INS is recognized as a multifaceted center involved in the processing and modulation of pain (Starr et al., 2009). The shock-evoked insular response found in the analysis combining the pain and fear face conditions (vs neutral) was used as an ROI seed (XYZ = −35, 0, 6, see Table 3). A PPI was then conducted to investigate the INS functional connectivity in response to noxious shocks following the observation of pain and fear vs neutral, and pain vs fear. When pain and fear were taken together vs neutral, the PPI analysis revealed stronger co-activation in the pre-central gyrus, cerebellum, STG, SMG and MTG intracalcarine cortex and lateral occipital cortex (Table S1). The pain alone vs neutral contrast resulted in stronger co-activation in the pre-central, right thalamus, bilateral medial orbitofrontal, left ACC, right INS and right pre-central (Table S2). The fear alone vs neutral contrast showed activation in the right SPL, right cerebellum IV and V, right lingual gyrus and vermis IV and V (Table S3). Pain vs fear contrast revealed stronger co-activation to pain in the left anterior MCC (Figure 7-red; Table 5A). The reverse (fear vs pain) resulted in activation in cerebellum lobule I–IV, vermis IV–V, right thalamus, right temporal fusiform gyrus, temporal occipital cortex, MTG and bilateral lingual gyrus (Figure 7 blue; Table 5B).

Fig. 7.

Fig. 7.

PPI analysis. The seed was the left INS. Contrasts show activation correlated with the activation of the insula moderated by the type of facial expressions that preceded the shock (Pain > Fear is red and Fear > Pain is Blue). The color bar indicates Z-Score. The activation map was cluster-corrected for multiple comparisons using GRF (P < 0.05). Peak coordinates are reported in Table 5.

Table 5.

Brain activation result of PPI analysis with the seed in the left insula

Z-value X Y Z Anatomical label
A)Pain vs Fear
3.83 −2 8 32 Mid ACC
B)Fear vs Pain
5.24 42 −84 12 Right temporal occipital
4.18 −10 −42 −20 Left cerebellum I–IV
4.06 32 −28 −26 Right fusiform
4.33 23 −40 −12 Right lingual gyrus
3.84 10 −22 2 Right thalamus
3.61 −2 −54 −10 Vermis IV–V

Discussion

In this study, we showed that observation of pain and fear facial expressions facilitated spinal processing of nociceptive signals, measured by the NFR, and increased pain ratings following a noxious shock. Pain ratings following the observation of a fear expression were also significantly higher than ratings following the observation of a pain expression. Contrasting the effect of pain observation with fear observation (with or without shocks) did not result in stronger activation in areas that are part of the commonly known pain network. These results provide support for the motivational priming account (Lang, 1995) as they suggest that the facilitation of responses to pain is not specific to the observation of pain. The observation of pain or fear expressions can result in the activation of a network in the observer’s brain that leads to elevated pain perception. However, the PPI analysis suggests some differential changes in connectivity, which may reflect the activation of distinct pain modulatory pathways following the observation of pain and fear faces.
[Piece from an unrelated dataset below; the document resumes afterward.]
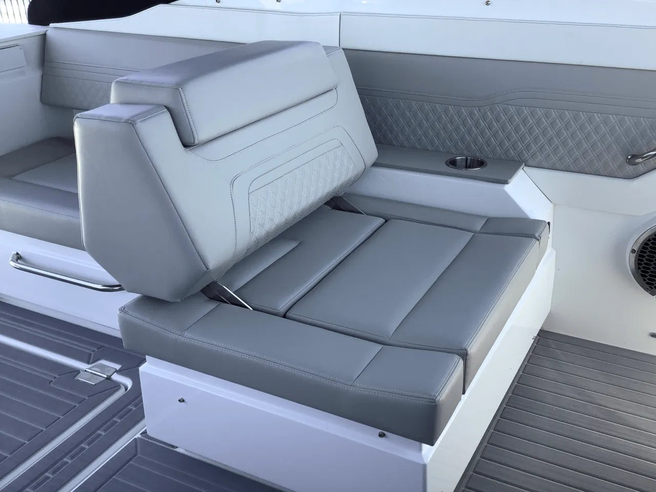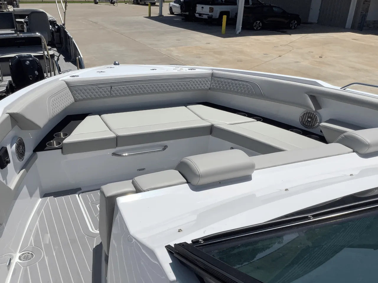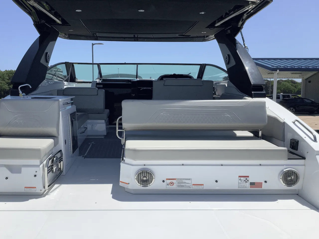 - Luxurious & Versatile Layout: The yacht's deck is an entertainer's dream. The spacious cockpit features comfortable seating, a wet bar, and a versatile aft area. The bow provides deep, comfortable seating with a table that can convert into a full sunpad.

Brain response to the observation of emotional expressions

The brain responses to emotional expression (without a shock) were similar to those reported in many previous studies and meta-analyses (Simon et al., 2006; Jauniaux et al., 2019). When contrasting fear and pain against neutral expressions, we observed activation in the MCC, an area suggested to be involved in the processing of general negative stimuli like pain and disgust in previous studies (Benuzzi et al., 2008). A stronger response to fear and pain expressions was also found in the pre-central gyrus, precuneus, ventral premotor cortex, bilateral MTG and fusiform gyrus, areas previously involved in the processing of dynamic emotional expressions (Sato et al., 2004). Results also showed activation in the IFG, an area suggested to be involved in the interpretation of emotional facial expressions (Budell et al., 2010, 2015). Contrasting pain vs fear expressions revealed activation in posterior brain areas such as the cuneal cortex, which is responsive to negative emotion (Kumfor et al., 2013), as well as in the SPL and cerebellum—areas reported to be engaged in action preparation (Schraa-Tam et al., 2012; Engelen et al., 2018). Contrasting fear vs pain revealed activation of the ITG and INS, which are known to be interconnected to the amygdala (Aggleton et al., 1980) and regions like the IFG, which are known to be responsive to threat-induced anxiety (Gold et al., 2015). These findings are consistent with distributed brain responses to emotional facial expressions, with pain and fear expressions being associated with partly dissociable networks.

Brain responses to pain

Brain responses to pain stimulations were highly consistent with previous studies (Duerden and Albanese, 2013). When pain and fear observations were considered together, the contrast vs neutral expression revealed stronger shock-evoked activation in the network involved in the processing of sensory and pain information (Wiech and Tracey, 2009), including the PCL, aMCC, INS and the amygdala. Contrasting the brain response to shock following the observation of pain or fear vs neutral showed recruitment of similar networks in the brain involving areas such as the INS and MTG, which implies that those shock-evoked responses were stronger following pain and fear faces. When a direct contrast comparing the brain response to shock following pain observation vs fear observation was made, no significant activation was observed in the areas traditionally known to be a part of the network involved in the processing of pain. This finding may suggest that observation of negative emotion primes harm-avoiding behavior by facilitation of internal processing of the pain-related signal, which cannot be explained simply by a sensorimotor resonance process that is specific to pain.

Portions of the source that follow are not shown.